## TASK TO CARRY OUT
Return the listing below unchanged, minus its pictures.
[Start of Attachment]
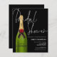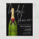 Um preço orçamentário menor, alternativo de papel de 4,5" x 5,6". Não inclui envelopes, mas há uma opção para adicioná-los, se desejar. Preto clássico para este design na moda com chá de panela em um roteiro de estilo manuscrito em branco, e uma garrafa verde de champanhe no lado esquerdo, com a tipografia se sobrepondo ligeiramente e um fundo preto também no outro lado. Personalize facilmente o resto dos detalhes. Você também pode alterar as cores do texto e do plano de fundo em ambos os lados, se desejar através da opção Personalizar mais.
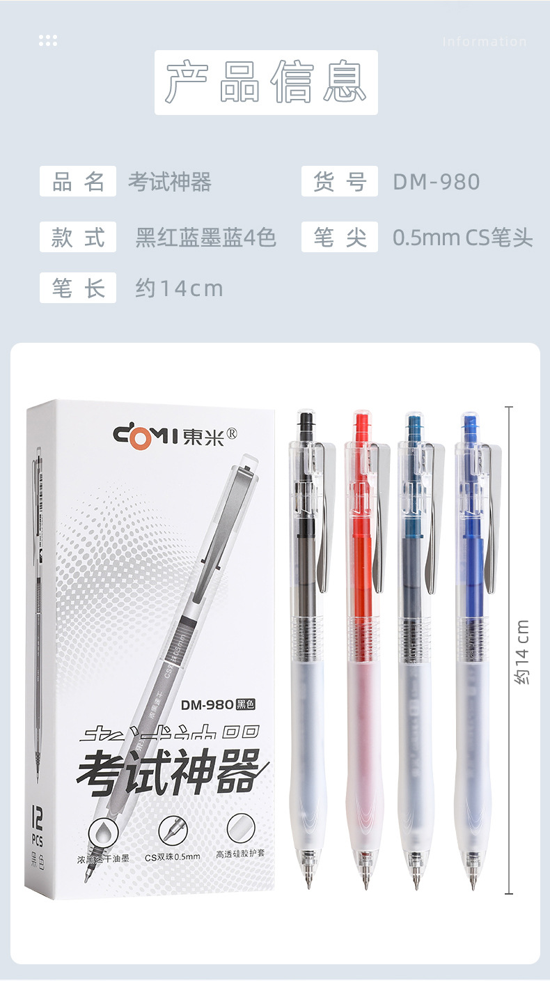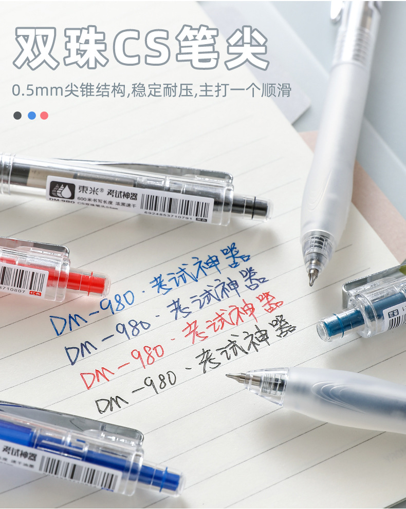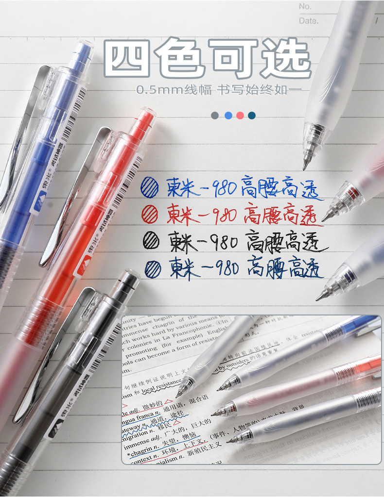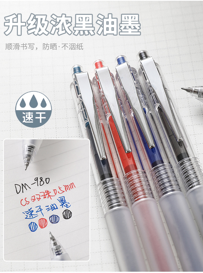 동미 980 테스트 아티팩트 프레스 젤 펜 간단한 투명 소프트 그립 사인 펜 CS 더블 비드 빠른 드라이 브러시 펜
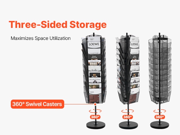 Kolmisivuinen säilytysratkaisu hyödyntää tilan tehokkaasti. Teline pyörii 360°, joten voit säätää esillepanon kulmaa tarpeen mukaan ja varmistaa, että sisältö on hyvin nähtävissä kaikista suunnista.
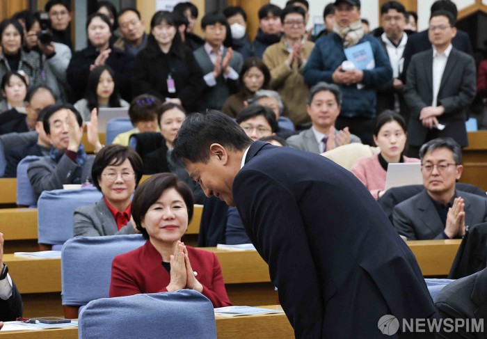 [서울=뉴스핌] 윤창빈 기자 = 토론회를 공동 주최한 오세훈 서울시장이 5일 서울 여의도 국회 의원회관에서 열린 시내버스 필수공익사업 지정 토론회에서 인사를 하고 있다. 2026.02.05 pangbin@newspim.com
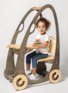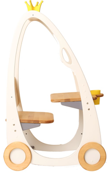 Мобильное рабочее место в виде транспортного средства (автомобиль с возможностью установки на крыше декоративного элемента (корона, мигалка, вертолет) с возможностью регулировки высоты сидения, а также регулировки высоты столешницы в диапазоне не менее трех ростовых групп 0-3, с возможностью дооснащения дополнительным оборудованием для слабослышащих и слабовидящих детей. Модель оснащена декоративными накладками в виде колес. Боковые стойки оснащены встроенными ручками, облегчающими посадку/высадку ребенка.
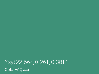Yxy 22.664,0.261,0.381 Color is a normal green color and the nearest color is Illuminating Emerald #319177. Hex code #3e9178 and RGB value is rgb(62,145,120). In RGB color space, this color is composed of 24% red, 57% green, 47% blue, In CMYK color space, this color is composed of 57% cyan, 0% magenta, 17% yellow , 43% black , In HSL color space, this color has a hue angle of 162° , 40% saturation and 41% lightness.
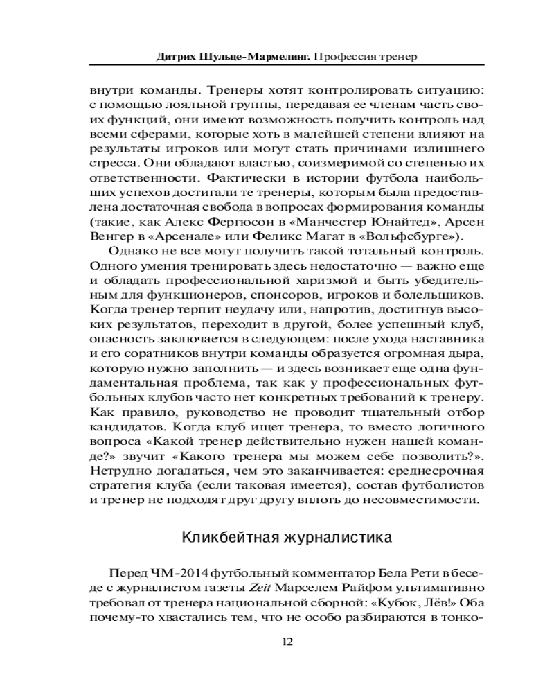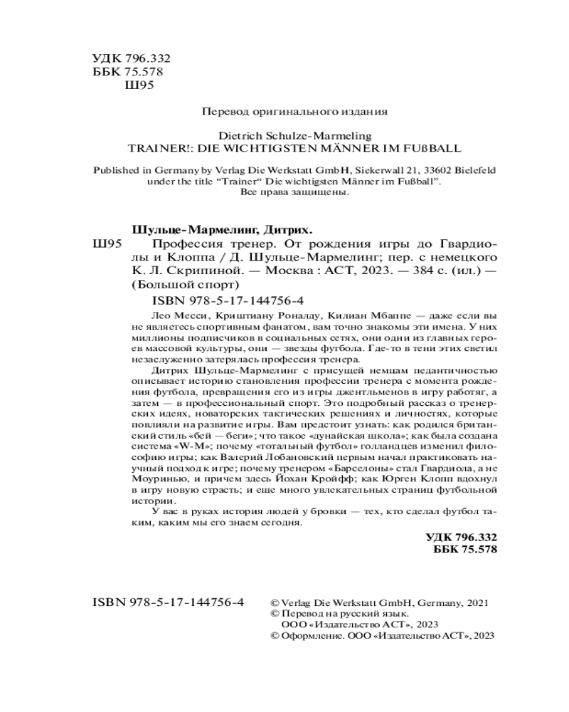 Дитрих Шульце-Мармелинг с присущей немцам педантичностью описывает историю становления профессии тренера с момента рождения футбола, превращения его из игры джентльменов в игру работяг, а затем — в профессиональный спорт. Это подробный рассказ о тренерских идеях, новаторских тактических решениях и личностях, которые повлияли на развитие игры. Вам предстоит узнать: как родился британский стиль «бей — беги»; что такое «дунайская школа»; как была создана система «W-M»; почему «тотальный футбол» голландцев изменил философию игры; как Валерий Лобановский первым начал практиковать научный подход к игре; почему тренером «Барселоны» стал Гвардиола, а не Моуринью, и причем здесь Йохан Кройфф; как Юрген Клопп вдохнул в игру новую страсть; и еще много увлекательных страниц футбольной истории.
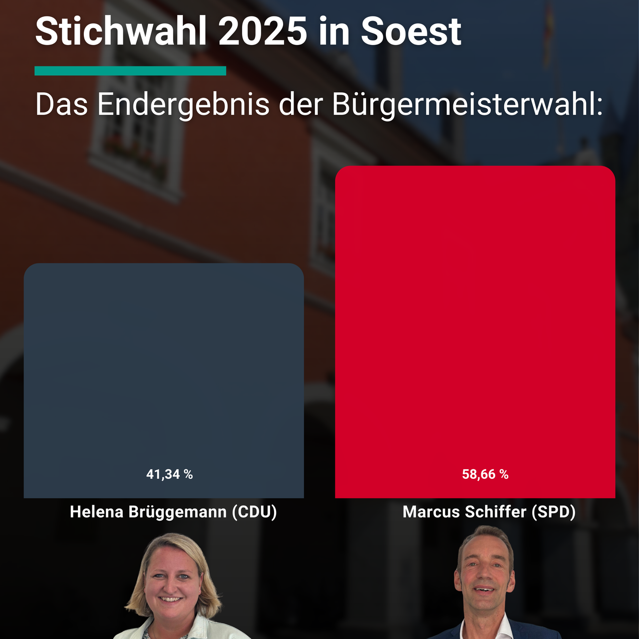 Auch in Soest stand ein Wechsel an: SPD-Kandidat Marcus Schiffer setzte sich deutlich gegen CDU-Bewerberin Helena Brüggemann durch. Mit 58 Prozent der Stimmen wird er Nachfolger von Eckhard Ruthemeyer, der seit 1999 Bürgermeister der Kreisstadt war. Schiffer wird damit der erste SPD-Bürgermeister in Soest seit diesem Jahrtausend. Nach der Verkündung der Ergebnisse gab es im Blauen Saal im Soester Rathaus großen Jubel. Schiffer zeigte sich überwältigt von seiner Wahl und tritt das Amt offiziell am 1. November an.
[End of Attachment]
## RESULT OF THIS EXERCISE
 Um preço orçamentário menor, alternativo de papel de 4,5" x 5,6". Não inclui envelopes, mas há uma opção para adicioná-los, se desejar. Preto clássico para este design na moda com chá de panela em um roteiro de estilo manuscrito em branco, e uma garrafa verde de champanhe no lado esquerdo, com a tipografia se sobrepondo ligeiramente e um fundo preto também no outro lado. Personalize facilmente o resto dos detalhes. Você também pode alterar as cores do texto e do plano de fundo em ambos os lados, se desejar através da opção Personalizar mais.
 동미 980 테스트 아티팩트 프레스 젤 펜 간단한 투명 소프트 그립 사인 펜 CS 더블 비드 빠른 드라이 브러시 펜
 Kolmisivuinen säilytysratkaisu hyödyntää tilan tehokkaasti. Teline pyörii 360°, joten voit säätää esillepanon kulmaa tarpeen mukaan ja varmistaa, että sisältö on hyvin nähtävissä kaikista suunnista.
 [서울=뉴스핌] 윤창빈 기자 = 토론회를 공동 주최한 오세훈 서울시장이 5일 서울 여의도 국회 의원회관에서 열린 시내버스 필수공익사업 지정 토론회에서 인사를 하고 있다. 2026.02.05 pangbin@newspim.com
 Мобильное рабочее место в виде транспортного средства (автомобиль с возможностью установки на крыше декоративного элемента (корона, мигалка, вертолет) с возможностью регулировки высоты сидения, а также регулировки высоты столешницы в диапазоне не менее трех ростовых групп 0-3, с возможностью дооснащения дополнительным оборудованием для слабослышащих и слабовидящих детей. Модель оснащена декоративными накладками в виде колес. Боковые стойки оснащены встроенными ручками, облегчающими посадку/высадку ребенка.
Yxy 22.664,0.261,0.381 Color is a normal green color and the nearest color is Illuminating Emerald #319177. Hex code #3e9178 and RGB value is rgb(62,145,120). In RGB color space, this color is composed of 24% red, 57% green, 47% blue, In CMYK color space, this color is composed of 57% cyan, 0% magenta, 17% yellow , 43% black , In HSL color space, this color has a hue angle of 162° , 40% saturation and 41% lightness.
 Дитрих Шульце-Мармелинг с присущей немцам педантичностью описывает историю становления профессии тренера с момента рождения футбола, превращения его из игры джентльменов в игру работяг, а затем — в профессиональный спорт. Это подробный рассказ о тренерских идеях, новаторских тактических решениях и личностях, которые повлияли на развитие игры. Вам предстоит узнать: как родился британский стиль «бей — беги»; что такое «дунайская школа»; как была создана система «W-M»; почему «тотальный футбол» голландцев изменил философию игры; как Валерий Лобановский первым начал практиковать научный подход к игре; почему тренером «Барселоны» стал Гвардиола, а не Моуринью, и причем здесь Йохан Кройфф; как Юрген Клопп вдохнул в игру новую страсть; и еще много увлекательных страниц футбольной истории.
 Auch in Soest stand ein Wechsel an: SPD-Kandidat Marcus Schiffer setzte sich deutlich gegen CDU-Bewerberin Helena Brüggemann durch. Mit 58 Prozent der Stimmen wird er Nachfolger von Eckhard Ruthemeyer, der seit 1999 Bürgermeister der Kreisstadt war. Schiffer wird damit der erste SPD-Bürgermeister in Soest seit diesem Jahrtausend. Nach der Verkündung der Ergebnisse gab es im Blauen Saal im Soester Rathaus großen Jubel. Schiffer zeigte sich überwältigt von seiner Wahl und tritt das Amt offiziell am 1. November an.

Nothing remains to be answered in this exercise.